Frontiers in Multimedia Search

Contents:

  • Setting the stage : From Multimedia Information Retrieval (MIR) to Social Media Retrieval
  • What multimedia search should do for you : Requirements regarding usefulness of multimedia search systems
  • Frontiers of MIR and beyond : Making the most of the user / the collection and search environment / multimedia items /Integration towards useful MIR systems
  • Making impact

This tutorial is set up to provide insights into the most recent developments in the field of multimedia retrieval and to highlight emerging challenges and techniques anticipated to be important for the future of multimedia retrieval. An overview is presented of new algorithms and techniques, concentrating on those approaches that are informed by neighboring fields including information retrieval, speech and language processing and network analysis. Evaluation of new algorithms is discussed, in particular, making use of crowdsourcing for the development of the necessary data sets. The main body of the presentation focuses on possibilities for exploiting and combining available information resources to optimize multimedia search results in view of these usefulness issues. The presenters concentrate on three complementary information sources: user, collection and content. They introduce the concept Social Media Retrieval, which means enhancing the “classical” multimedia information retrieval paradigm by taking into account the information inferred from individual and collaborative interactions of the users with multimedia content. The workshop concludes with a short presentation of the MediaEval benchmark, which offers multimedia retrieval tasks concentrated on social and contextual challenges of multimedia, including geo-coordinate prediction, genre detection and prediction of viewer affective response. The workshop was presented by Dr. Alan Hanjalic and Dr. Martha Larson from the Multimedia Information Retrieval Lab of Delft University of Technology (TU Delft) at the ACM Multimedia conference in november 2011.

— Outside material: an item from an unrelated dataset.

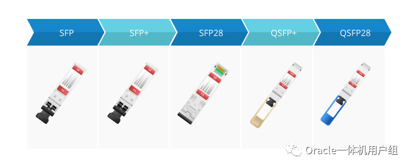 在不同型号的Oracle Exadata一体机中,可能会使用不同型号的光模块,选择合适的光模块对于网络传输非常重要。常用的型号为SFP、SFP+、SFP28、QSFP+和QSFP28。在光纤连接的世界里面,他们使用非常普遍。下面将介绍下如何选择上述5种光模块以及它们的区别

The tutorial targets new researchers in the field of multimedia retrieval, providing instruction on how to best approach the multimedia retrieval problem and examples of promising research directions to work on. It is also designed to benefit active multimedia retrieval scientists—those who are searching for new challenges or re-orientation. For those who could not attend the workshop, this extensive PPT presentation is informative and offers a good starting point for further private study in this field.